When provided a callback, `get()` follows the below logic:



1. query the L1 cache (lua-resty-lrucache instance). This cache lives in the

   Lua VM, and as such, it is the most efficient one to query.

    1. if the L1 cache has the value, return it.

    2. if the L1 cache does not have the value (L1 miss), continue.

2. query the L2 cache (`lua_shared_dict` memory zone). This cache is

   shared by all workers, and is almost as efficient as the L1 cache. It

   however requires serialization of stored Lua tables.

    1. if the L2 cache has the value, return it.

        1. if `l1_serializer` is set, run it, and promote the resulting value

           in the L1 cache.

        2. if not, directly promote the value as-is in the L1 cache.

    2. if the L2 cache does not have the value (L2 miss), continue.

3. create a [lua-resty-lock], and ensures that a single worker will run the

   callback (other workers trying to access the same value will wait).

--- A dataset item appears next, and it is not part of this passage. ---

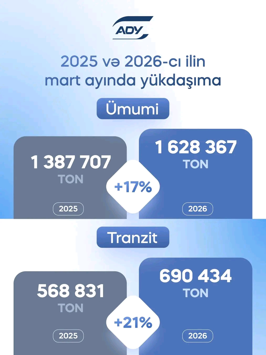 Eyni zamanda, tranzit daşımalarında da müsbət dinamika müşahidə olunub. Mart ayı ərzində 690 min tondan artıq tranzit yük daşınıb ki, bu da 2025-ci ilin eyni dövrü ilə müqayisədə 21 faiz çoxdur.

4. a single worker runs the L3 callback (e.g. performs a database query)

   1. the callback succeeds and returns a value: the value is set in the

      L2 cache, and then in the L1 cache (as-is by default, or as returned by

      `l1_serializer` if specified).

   2. the callback failed and returned `nil, err`:

      a. if `resurrect_ttl` is specified, and if the stale value is still

         available, resurrect it in the L2 cache and promote it to the L1.

      b. otherwise, `get()` returns `nil, err`.

5. other workers that were trying to access the same value but were waiting

   are unlocked and read the value from the L2 cache (they do not run the L3

   callback) and return it.



When not provided a callback, `get()` will only execute steps 1. and 2.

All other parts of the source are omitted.